Kerry was on record before the war started as being against going to war at that point.
The Clintons did not speak out in 2003 before the war. In 2004, they did not say as Bill Clinton did in 2006 that all the Democrats other than Leiberman voted to get the inspectors in. At that point, it still carried a possible future cost to do so - so they didn't.

In 2006, it was the most palatable reason for voting for it and to Hillary's advantage, so they said it.

In 2004, it was an issue in the primary - because it was in the interest of Dean to make it so. It was why a moderate former governor became the leading candidate of the antiwar movement. At that time, the country was far less antiwar than now. Even then, Kerry had to mend riffs due to his vote. Kerry was able to because of his personal history and the fact that he did speak out against the war before it started.

Though the media did the best to hide it, there was consistency between what Kerry wrote in a September 2002 NYT op-ed that was seen as anti-war, his explanation of the IWR vote on the Senate floor and his January 23, 2003 speech against the Bush movements towards going to war. I had gone with my teen daughters to protest in DC and NYC in early 2003, I would not have supported Kerry in the primaries if that were not clear.

In 2008, it will be an issue in the primaries because it is in the interest of the two major opponents. Just as Dean used it is 2004, Obama and Edwards will use it in 2008.
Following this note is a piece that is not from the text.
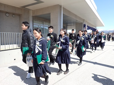 1年生、2年生が、卒業生を大きな拍手とともに歓送しました。

In 2004, Kerry in the primary was able to overcome it, Hillary is using the same reason now, but Obama's campaign can ask about why, when more was known after the inspectors were in and finding nothing, the Clintons who had the biggest megaphone in the Democratic party were silent.

The 2008 primary could end up very nasty on Iraq with -

Obama's people questioning BOTH Edwards' and Clinton's votes.
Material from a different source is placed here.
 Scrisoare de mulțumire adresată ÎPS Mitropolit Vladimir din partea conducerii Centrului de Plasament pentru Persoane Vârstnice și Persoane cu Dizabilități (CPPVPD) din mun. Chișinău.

Edwards attacking Clinton for not admitting the vote was wrong, while attacking Obama and Clinton for not being sufficiently antiwar now.
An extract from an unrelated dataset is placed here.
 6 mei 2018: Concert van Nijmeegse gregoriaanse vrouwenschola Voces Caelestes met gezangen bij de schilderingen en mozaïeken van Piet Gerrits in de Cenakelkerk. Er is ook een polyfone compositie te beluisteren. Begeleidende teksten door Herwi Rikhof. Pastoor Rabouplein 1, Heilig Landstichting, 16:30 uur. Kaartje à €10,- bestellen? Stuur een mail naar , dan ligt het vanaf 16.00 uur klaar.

Obama is running on being a healer. He can attack the others without mentioning their name - by just emphasizing that he spoke out in 2002. Clinton will likely attempt to say above it speaking of experience (having eliminated the most credible alternative experienced candidates - Gore or Kerry). Edwards, in a complete change from 2004 is now attacking the others.

An interesting scenario would be if Carter, Gore and Kerry simultaneously endorsed Obama (or less likely Edwards). This would put three people seen by many as principled voices in the Democratic party against Clinton. Their experience could confer gravitas to the candidate they endorse.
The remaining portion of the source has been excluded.